Records from a dataset:
--- START ---
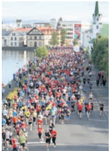
Reykjavíkurmaraþon verður á sínum stað.

10-22 LJÓSMYNDIR ÚR ÍSLANDSHEIMSÓKN 1955 Ljósmyndir ljósmyndarans og myndlistarmannsins Kurt Dejmo frá Íslandsheimsókn hans 1955. Þjóðminjasafn Íslands, Suðurgötu 41
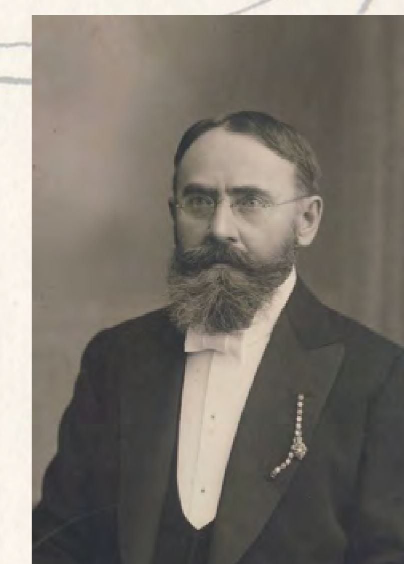
Fotografie Eduarda Langera z roku 1909.

Pro další osud Langerovy knihovny bylo rozhodující postátnění firmy Schroll v roce 1948–49, které se týkala i dalšího majetku včetně knihovny. Sbírkou převzala v roce 1949–1950 Národní kulturní komise, která ji přenesené i fakticky zlikvidovala – rukopisy, prvotisky i další staré a vzácné tisky včetně dokumentů archivní povahy byly převezeny do sběrného místa na zámek Sychrov, kde se soustředily sbírky zrušených a zabavených knihoven k dalšímu třídění. Knihy byly nabízeny různým knihovnám a institucím a ty, o které nebyl zájem, byly zničeny v papírně ve Štětí. Největší část tozra Langerovy knihovny, asi 6.000 svazků a část listkových katalogů, se dnes nachází ve fondu Knihovny Národního muzea v Praze. V KNAV se podle našich odhadů nalézá rádoev několik desítek tisků z Langerovy sbírky.
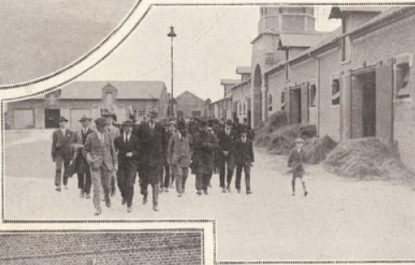
La ferme modèle, qui s'élève aujourd'hui sur le sol maintenant ensemencé et prospère.

Professeurs et disciples parcoururent les différents champs de betteraves, élites destinés à produire les plançons pour l'année prochaine, porte-graines, pour l'année en cours et admirèrent la régularité et la remarquable uniformité des types ; ils furent vivement intéressés par les champs d'expérience, institués dans le but de vérifier la continuité de la transmission des qualités de têtes de
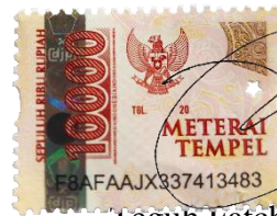
Teguh Fatchur Rozi
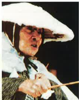
狂言「狂言師・三宅藤九郎」

問合せ先:名東文化小劇場 TEL052-726-0008 名古屋市中東区上社一丁目802番地 上社ターミナルビル3階
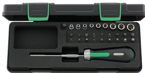
96182203 Bit- Ratschenschraubendre- her-Satz
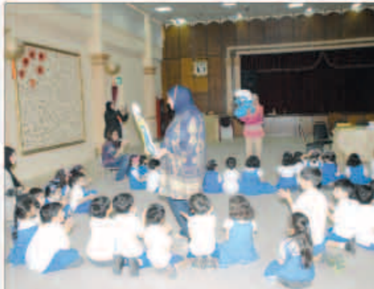
الأطفال يستمعون إلى إحدى الفلاشات التوعوية من المديرات
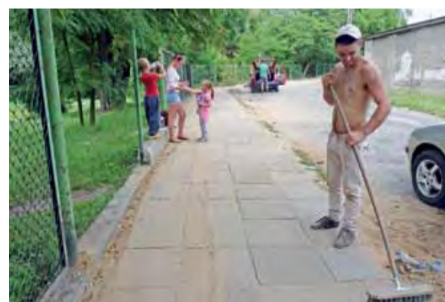
Odtwarzanie chodnika wzdłuż parku do biblioteki dobiega końca.

Radni poprawili też uchwałę przyjmującą plan odnowy miejscowości Dobrzelin, bowiem zmieniając w lipcu zapisy planu, nie zmieniono terminu jego obowiązywania. Gmina liczy, że po tych poprawkach uda się jej wreszcie dostać dofinansowanie z Urzędu Marszałkowskiego w Łodzi na budowę chodnika przy ulicy Jablonkowej. dag
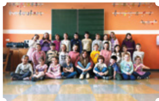
Kinderchor der Volksschule Ligist
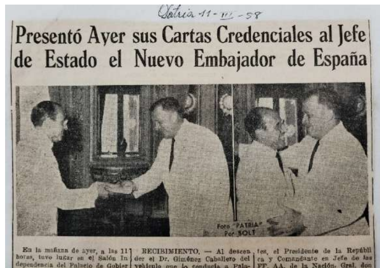
Figura 2. Presentación de credenciales de Giménez Caballero a Stroessner, 1958
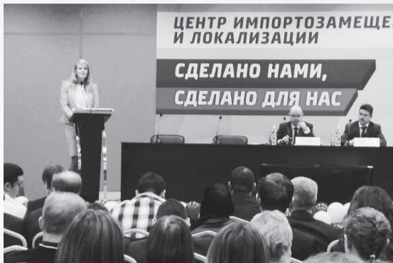
Газета «Менеджер» № 17, 18 ноября
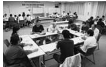
グループ発表の準備

10月11・12日に葛飾支部会館3階大会議室で、職長・安全衛生責任者教育講習を40名定員のところ、葛飾支部・近隣支部組合員の34人の受講の応募があり、2日間の講習を行いました。講義だけでなく、グループ発表を行うなど職長・安全衛生責任者教育の講習ならではの講習会でした。
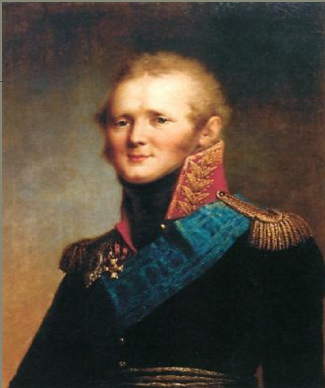
○ Александр I
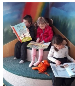
návštěva knihovny v Černilově
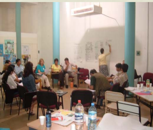
Taller Niagara College Setiembre 2005
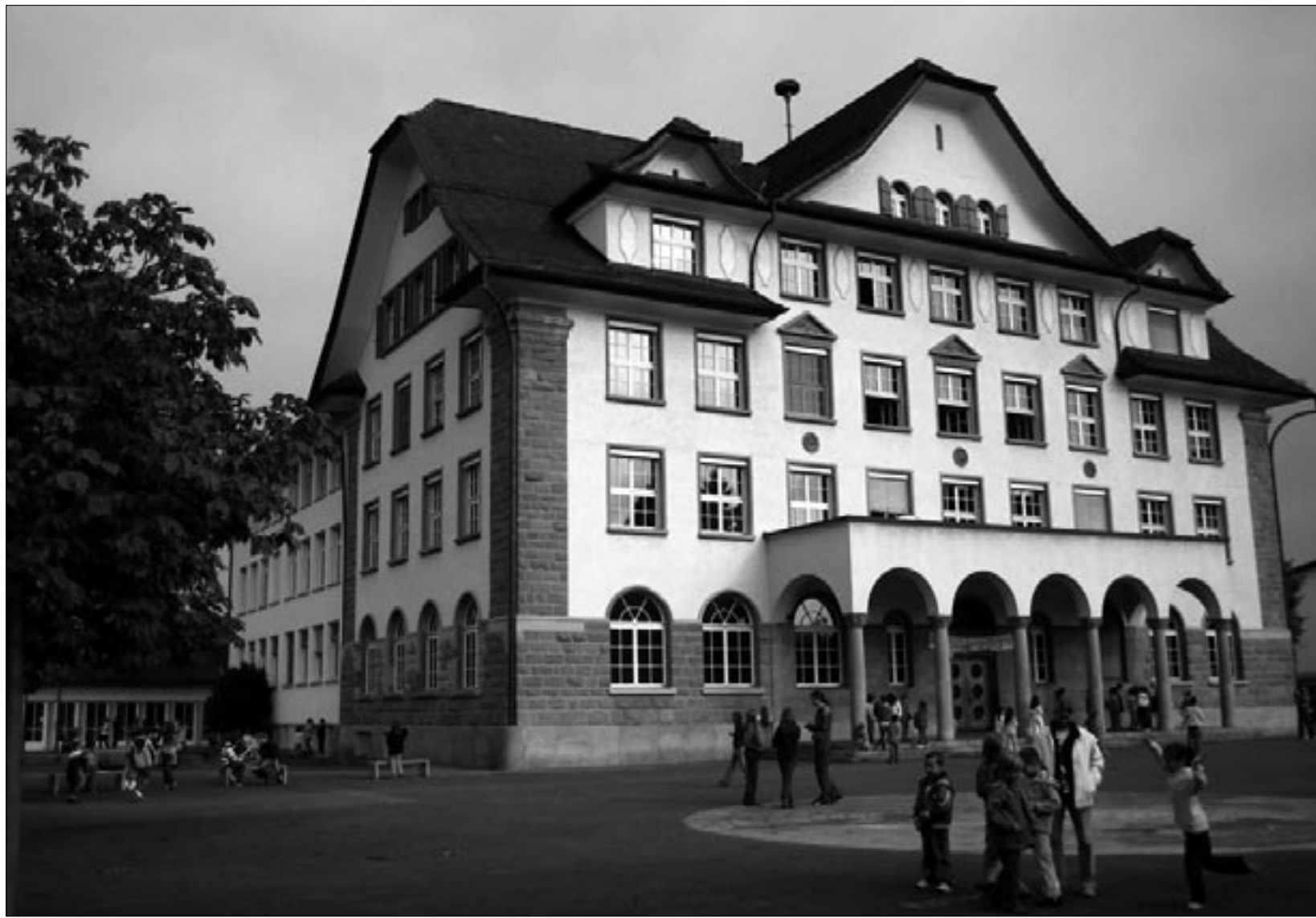
Les élèves sont de plus en plus victimes de processus de développement organisationnel. On qualifie par euphémisme cette évolution de «développement scolaire». Ce processus a lieu dans toute l'Europe. Des grands groupes comme les éditions Bertelsmann le pilotent et en profitent. L'objectif de leur école n'est pas de faire des élèves de futurs citoyens éclairés et responsables. Il faut donc exiger de la transparence. C'est le peuple qui doit décider de l'avenir de l'école primaire.
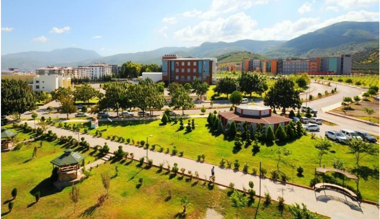
Resim 1: OKÜ Karacaoglan Yerleşkesi

Yükseköğretim kurumları olarak amacımız; yüksek düzeyde bilimsel çalışma ve araştırma yapmak, bilgi ve teknolojiyi üretmek, bilim verilerini yaymak, ulusal alanda gelişme ve kalkınmaya destek olmak, yurtiçi ve yurtdışı kurumlara işbirliği yapmak suretiyle bilim dünyasının seçkin bir üyesi haline gelmek, evrensel ve çağdaş gelişmeye katkıda bulunmaktır.
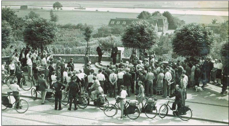
De onthulling van het gedenkteken in 1949 in Rhenen

gedenkteken hadden geschonken aan Rhenen. Bij het zoeken naar informatie over een heel ander onderwerp stuitte ik op een brief
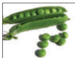
(ب) .. مطبوخة ..
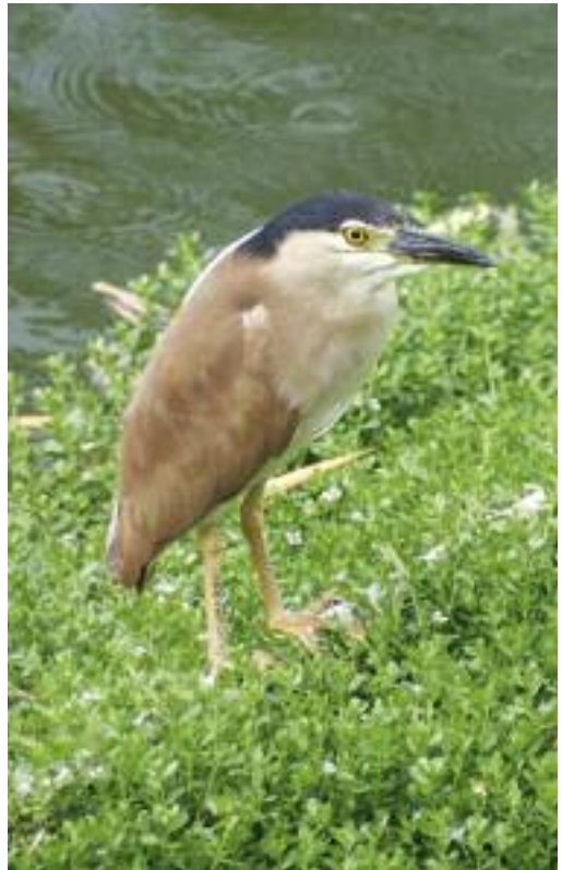
A LA DERECHA, NYCTICORAX CALEDONICUS EN EL ZOOLOGICO DE NOUMÉA.

salinidad ( Avicennia , Lumnitzera ). Mi contacto con el manglar fue muy escaso y sólo pude visitar los fragmentos que quedan en algunos rincones de la costa de Nouméa.
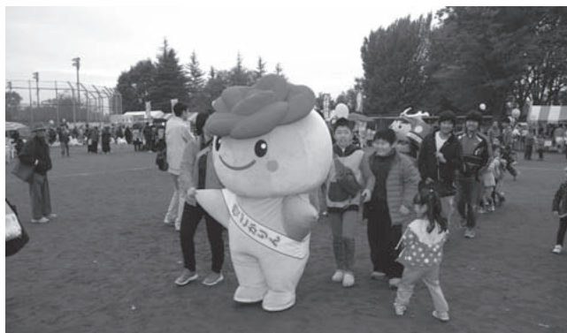
五霞ふれあい祭り
--- END ---
* What is required *
Both boundary lines included, write out word for word only the lines above from the one containing "Professeurs et disciples" to the one containing "الأطفال يستمعون إلى", leaving out any pictures.

* Result of this exercise *
Professeurs et disciples parcoururent les différents champs de betteraves, élites destinés à produire les plançons pour l'année prochaine, porte-graines, pour l'année en cours et admirèrent la régularité et la remarquable uniformité des types ; ils furent vivement intéressés par les champs d'expérience, institués dans le but de vérifier la continuité de la transmission des qualités de têtes de
Teguh Fatchur Rozi
狂言「狂言師・三宅藤九郎」

問合せ先:名東文化小劇場 TEL052-726-0008 名古屋市中東区上社一丁目802番地 上社ターミナルビル3階
96182203 Bit- Ratschenschraubendre- her-Satz
الأطفال يستمعون إلى إحدى الفلاشات التوعوية من المديرات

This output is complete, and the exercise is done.